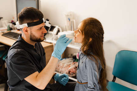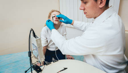 Portrait of an otolaryngologist while working with a girl patient on an examination of the sinuses. nasal congestion medicine
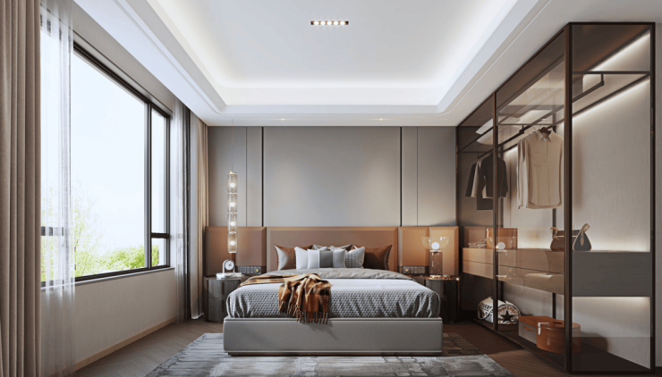 自带独卫、衣帽间和大气飘窗的尊荣套房式主卧,全域进深尺度足有约8.7米,单单独立卫生间就有大约6个平方,是男女主人独享私域的浪漫主场,加上足够收纳琳琅满目的衣饰和太太美好心情的敞阔衣帽间,尊荣指数五颗星。
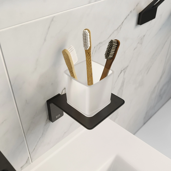 Уникальные преимущества: Пластиковая проставка AntiSlip между металлической частью и стеклянной надежно фиксирует изделие предохраняя его от падения. Закаленное стекло. Чёрный матовый цвет коллекции аксессуаров станет ярким
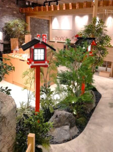 オープン後は、「和」の空間は大変評判が良く、多くのお客様が願掛けや写真撮影するなどお買い物を楽しめるスペースになっているとご依頼主様より伺いました。お客様の癒しとなる空間づくりのお手伝いができて大変嬉しい限りです。この度はご依頼いただき、誠にありがとうございました。

════════════════

Everything in the data above, apart from the pictures, should be retyped exactly.

__Answer to this exercise__
 Portrait of an otolaryngologist while working with a girl patient on an examination of the sinuses. nasal congestion medicine
 自带独卫、衣帽间和大气飘窗的尊荣套房式主卧,全域进深尺度足有约8.7米,单单独立卫生间就有大约6个平方,是男女主人独享私域的浪漫主场,加上足够收纳琳琅满目的衣饰和太太美好心情的敞阔衣帽间,尊荣指数五颗星。
 Уникальные преимущества: Пластиковая проставка AntiSlip между металлической частью и стеклянной надежно фиксирует изделие предохраняя его от падения. Закаленное стекло. Чёрный матовый цвет коллекции аксессуаров станет ярким
 オープン後は、「和」の空間は大変評判が良く、多くのお客様が願掛けや写真撮影するなどお買い物を楽しめるスペースになっているとご依頼主様より伺いました。お客様の癒しとなる空間づくりのお手伝いができて大変嬉しい限りです。この度はご依頼いただき、誠にありがとうございました。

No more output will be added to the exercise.